Referring now to FIGS. 4A-4B, a segment of a drill bit profile 400 for a drill bit having multiple layers of cutting elements, achieved by deploying the cutting elements on blades of different heights or maintaining the blades at the same height, then deploying the cutting elements so as to have different heights on one or more blades, is shown. As can be seen in FIG. 4A, the drill bit profile segment 400 includes a primary layer 402 that is offset in height relative to a secondary layer 404. Note that the two layers 402 and 404 are shown here in isolation (i.e., the amount of offset is exaggerated) so that the cutting elements 406a-n and 408a-n may be more easily seen. Those having ordinary skill in the art will understand that, in practice, the offset is much smaller than illustrated and more closely resembles the offset shown in FIGS. 2A-2B. It should also be noted that the number of layers of cutting elements is not necessarily limited to two. In some instances, depending on the drilling application and the challenges presented, there may be a primary layer, a secondary layer, a tertiary layer, as well as other layers, with each layer being offset in height relative to the immediately preceding layer. The amount of offset may be any value commonly used by those having ordinary skill in the art, but may depend on the expected ROP and durability of the primary layer as well as the specific location and presence of the formation material having grossly different mechanical and/or geologic properties (e.g., chert, pyrite, nodules, etc.) in a given interval. The amount of offset may also depend on the anticipated overall ROP and durability of the drill bit over the total interval to be drilled.

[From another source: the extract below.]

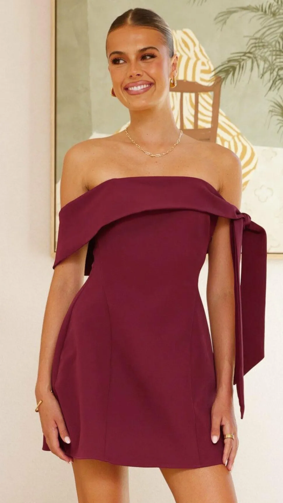 – Strapless design with bow shoulder detail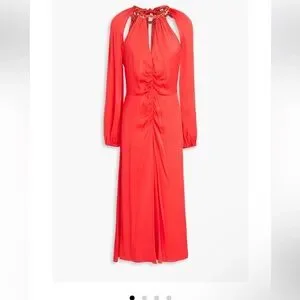 VERONICA BEARD Fay La Chain-detail Dress In Papaya Long Sleeve Size 4 NWOT

In accordance with embodiments of the invention the primary layer cutting elements and the secondary (and possibly tertiary) cutting elements occupy substantially different radial positions on their respective blades. This is illustrated in FIG. 4B, where one of the primary layer cutting elements 406a and a corresponding secondary layer cutting element 408a are shown. As can be seen, the primary layer cutting element profile 406a has a center C that lines up on one radial displacement X, whereas the corresponding secondary layer cutting element profile 408a has a center C′ that lines up on a substantially different radial displacement X′. As a result, the corresponding cutting element in the secondary layer (and tertiary layer where applicable) cuts a substantially different swath (i.e., follows a substantially different path) through the subsurface formation from the primary layer cutting element.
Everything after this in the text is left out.